Sul punto, pertanto, è doveroso tenere conto di quanto ha statuito la Suprema Corte nell'ordinanza sopra citata, in tema di violazioni del codice della strada per superamento del limite di velocità: “è illegittimo l'accertamento eseguito con apparecchio autovelox approvato ma non debitamente omologato, atteso che la preventiva approvazione dello strumento di rilevazione elettronica della velocità non può ritenersi equipollente, sul piano giuridico, all'omologazione ministeriale prescritta dall'art. 142, comma 6, del
d.lgs. n. 285 del 1992, trattandosi, in forza della citata disposizione e dell'art. 192 del relativo regolamento di esecuzione (d.P.R. n. 495 del 1992), di procedimenti con caratteristiche, natura e finalità diverse”. A tale approdo giurisprudenziale la Suprema
Corte è giunta argomentando che “i procedimenti di approvazione e omologazione del prototipo, siccome aventi caratteristiche, natura e finalità diverse, devono considerarsi distinti, poiché l'omologazione ministeriale autorizza la riproduzione in serie di un apparecchio testato in laboratorio, con attribuzione della competenza al Ministero per lo sviluppo economico, nel mentre l'approvazione consiste in un procedimento che non richiede la comparazione del prototipo con caratteristiche ritenute fondamentali o con particolari prescrizioni previste dal regolamento”. Nella medesima pronuncia la Corte ha, poi, evidenziato che “l'omologazione consiste in una procedura che, pur essendo amministrativa come l'approvazione, si differenzia da quest'ultima, in quanto ha anche natura necessariamente tecnica e tale specifica connotazione risulta finalizzata a garantire la perfetta funzionalità e la precisione dello strumento elettronico da utilizzare per l'attività di accertamento da parte del pubblico ufficiale legittimato, requisito, questo, che costituisce l'indispensabile condizione per la legittimità dell'accertamento stesso, a cui pone riguardo la norma generale di cui al comma 6 dell'art. 142 C.d.S. (laddove
l'utilizzo dell'espressione “debitamente omologati” impone necessariamente la preventiva sottoposizione del mezzo di rilevamento elettronico a tale procedura e, solo se assolta, è idonea a costituire “fonte di prova” per il riscontro del superamento dei prescritti limiti di velocità)”.
Alla luce delle considerazioni svolte nel citato arresto giurisprudenziale dalla Suprema
Corte, la Provincia aveva l'onere di dimostrare in giudizio l'avvenuta omologazione dell'apparecchiatura utilizzata per la rilevazione dell'infrazione.
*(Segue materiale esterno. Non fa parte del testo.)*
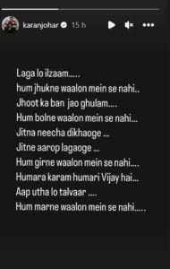 Taking to his Instagram stories, Karan shared a Hindi poem changing some words for the situation.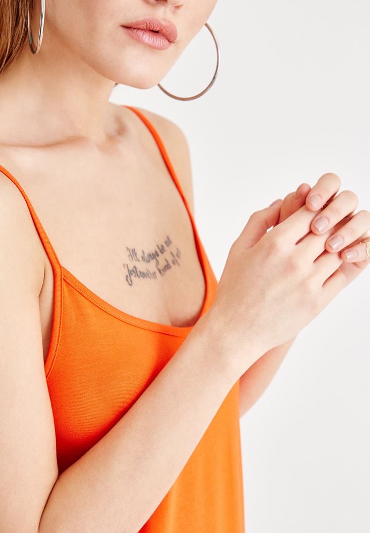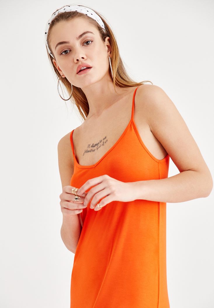 Ince Askili Yirtmaç Detayli Uzun Elbise modeli sahip oldugu zarif kesim ve sade tasarim ile her zaman kullanmaktan keyif alacaginiz parçalardan birisi olacak. Ince askili tasarim U yaka kesimi ile zarif bir dekolte sunuyor. Sirt kisminda kullanilan yarim pencere dekolte de tasarima hos bir hava kazandirirken sadeligi ile dikkat çeken bu elbise modeli ufak aksesuar dokunuslari ile çok farkli tarzlara sahip olabilecek bu nedenle de dolabinizin kurtarici parçalari arasinda yer alacak özel bir tasarim. Diz hizasindan baslayan yirtmaç detayi ile hareket kazanan elbise tasarimi bu detay ile kullanim rahatligi da sunuyor. Viskon dokusu ile yüksek nem emicilige ve nem transfer etme özelligine sahip olan elbise modeli, OXXO'nun konfor ve sikligi bir araya getirdigi tasarimlar arasinda yer aliyor.

Tale onere, tuttavia, è rimasto inevaso, avendo la P.A. appellata prodotto solo i decreti ministeriali recanti l'approvazione del dispositivo oggetto di censura da parte dell'appellante.
Attesa la fondatezza del primo motivo di appello, sono assorbiti gli altri motivi.
In definitiva, deve concludersi per l'accoglimento del gravame.
In ragione della novità giurisprudenziale intervenuta sulla questione, dirimente per la fattispecie in esame, circa la non equipollenza dei procedimenti di omologazione e approvazione, sussistono i presupposti di cui all'art. 92, comma 2 c.p.c. per la compensazione integrale delle spese di lite del giudizio.
P.Q.M.
Il Tribunale di Lecce, definitivamente pronunciando sull'appello promosso da Parte_1
avverso la sentenza n. 7826/2022 del Giudice di Pace di Lecce, depositata il
[...]
17.10.2022:
- In accoglimento dell'appello e in riforma della sentenza impugnata, accoglie l'opposizione e, per l'effetto, annulla il Verbale opposto;
- Compensa interamente tra le parti le spese di lite di secondo grado.
Lecce, 13.2.2025
IL GIUDICE
Dott.ssa Silvia Saracino
La presente sentenza è redatta su bozza predisposta dal funzionario addetto all'Ufficio per il Processo, Dott. Matteo Muci.